Problem details -> Starting from the line with "11:41 p.m. BST: the" and going up to and including the line with "Tüm malzemeler karıştırılarak", copy the listing below exactly. Leave all images out.

Task inputs ->
---------------

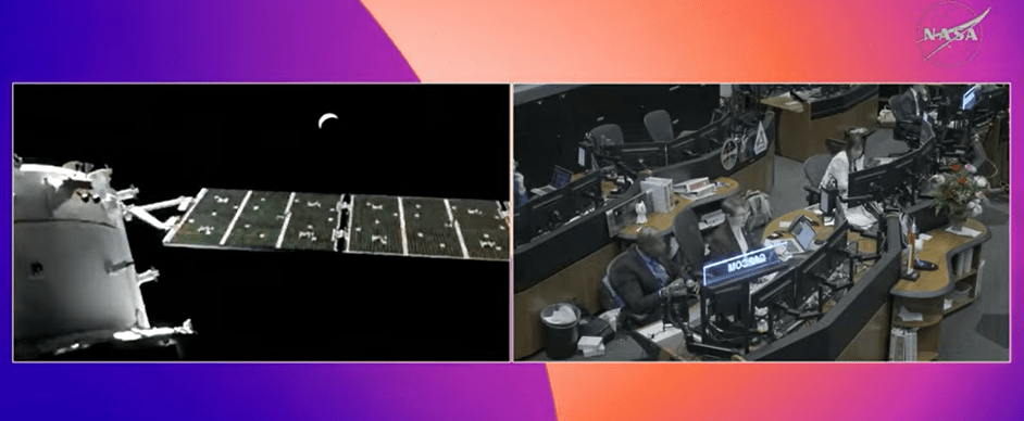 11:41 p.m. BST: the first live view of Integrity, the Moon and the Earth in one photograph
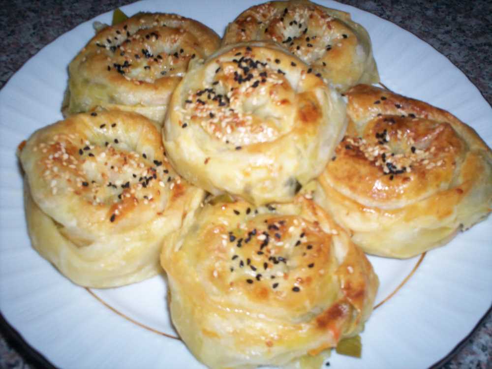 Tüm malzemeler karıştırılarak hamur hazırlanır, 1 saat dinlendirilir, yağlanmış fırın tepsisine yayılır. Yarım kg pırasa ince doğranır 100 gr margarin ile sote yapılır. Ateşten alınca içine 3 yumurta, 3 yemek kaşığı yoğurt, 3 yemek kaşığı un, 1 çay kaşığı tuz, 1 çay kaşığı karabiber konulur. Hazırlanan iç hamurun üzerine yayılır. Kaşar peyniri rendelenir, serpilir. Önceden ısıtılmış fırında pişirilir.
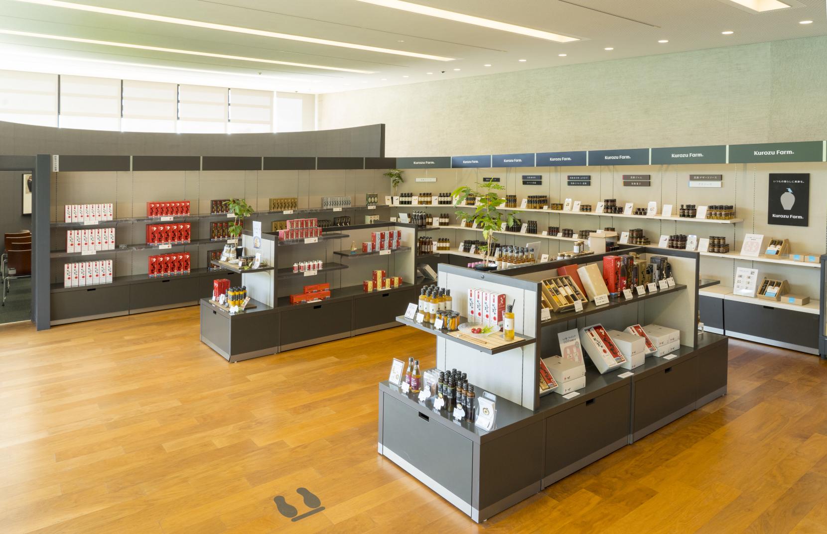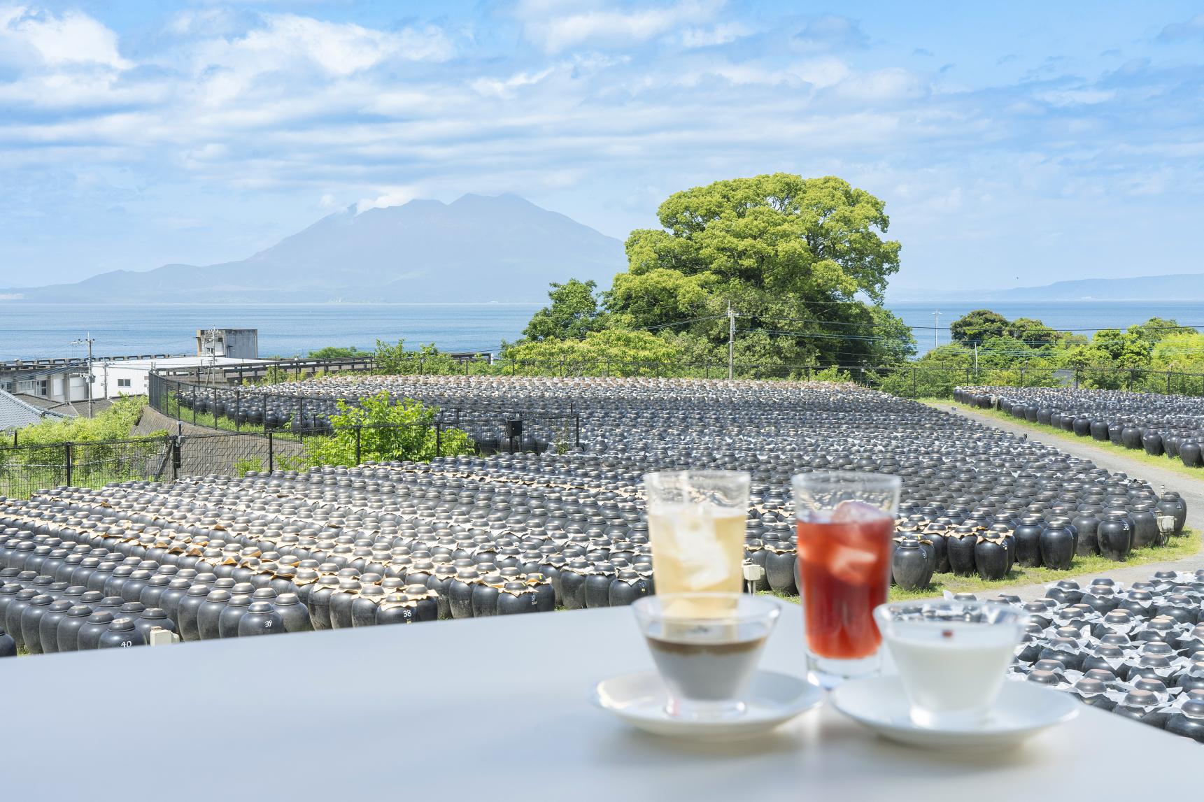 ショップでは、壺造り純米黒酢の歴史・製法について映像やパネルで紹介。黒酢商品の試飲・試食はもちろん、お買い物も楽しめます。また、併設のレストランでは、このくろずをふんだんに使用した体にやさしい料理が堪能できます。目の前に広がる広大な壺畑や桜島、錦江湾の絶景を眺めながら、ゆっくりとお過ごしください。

---------------

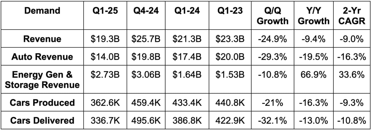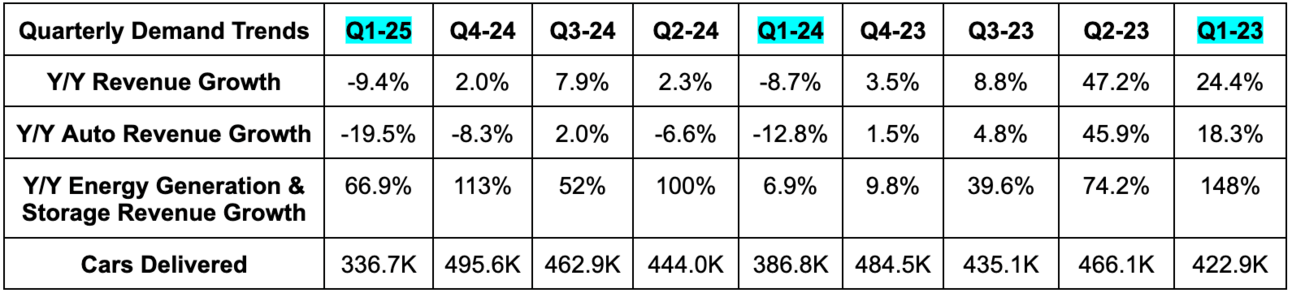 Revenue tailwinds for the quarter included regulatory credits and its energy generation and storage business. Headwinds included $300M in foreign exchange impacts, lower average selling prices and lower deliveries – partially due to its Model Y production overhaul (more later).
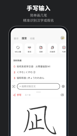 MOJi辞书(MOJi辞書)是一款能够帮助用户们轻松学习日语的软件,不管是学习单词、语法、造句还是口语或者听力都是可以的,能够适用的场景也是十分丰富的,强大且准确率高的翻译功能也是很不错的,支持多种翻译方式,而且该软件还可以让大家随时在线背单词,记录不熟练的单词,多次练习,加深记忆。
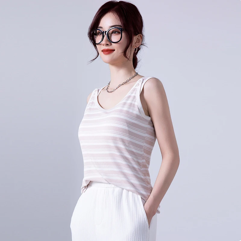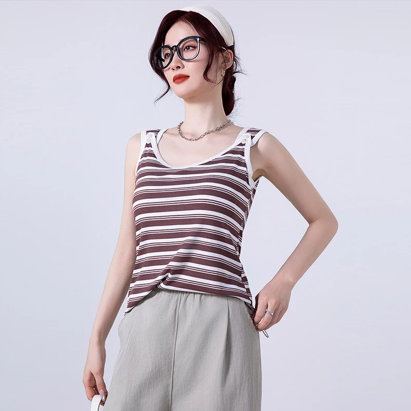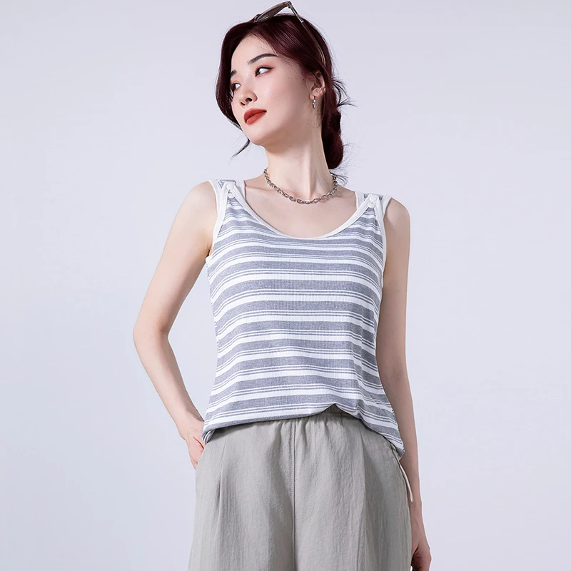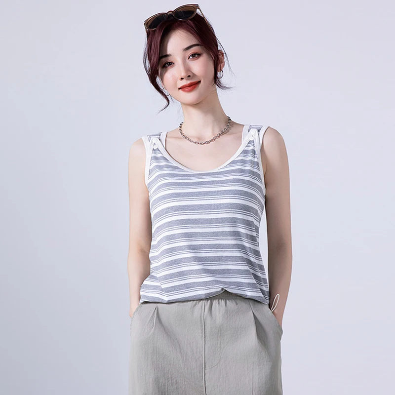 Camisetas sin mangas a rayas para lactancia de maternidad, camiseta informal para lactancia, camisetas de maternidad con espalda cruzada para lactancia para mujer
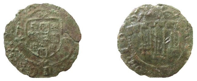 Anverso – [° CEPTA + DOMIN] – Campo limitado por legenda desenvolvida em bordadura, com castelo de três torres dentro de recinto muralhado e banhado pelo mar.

---------------

Response to this task ->
 11:41 p.m. BST: the first live view of Integrity, the Moon and the Earth in one photograph
 Tüm malzemeler karıştırılarak hamur hazırlanır, 1 saat dinlendirilir, yağlanmış fırın tepsisine yayılır. Yarım kg pırasa ince doğranır 100 gr margarin ile sote yapılır. Ateşten alınca içine 3 yumurta, 3 yemek kaşığı yoğurt, 3 yemek kaşığı un, 1 çay kaşığı tuz, 1 çay kaşığı karabiber konulur. Hazırlanan iç hamurun üzerine yayılır. Kaşar peyniri rendelenir, serpilir. Önceden ısıtılmış fırında pişirilir.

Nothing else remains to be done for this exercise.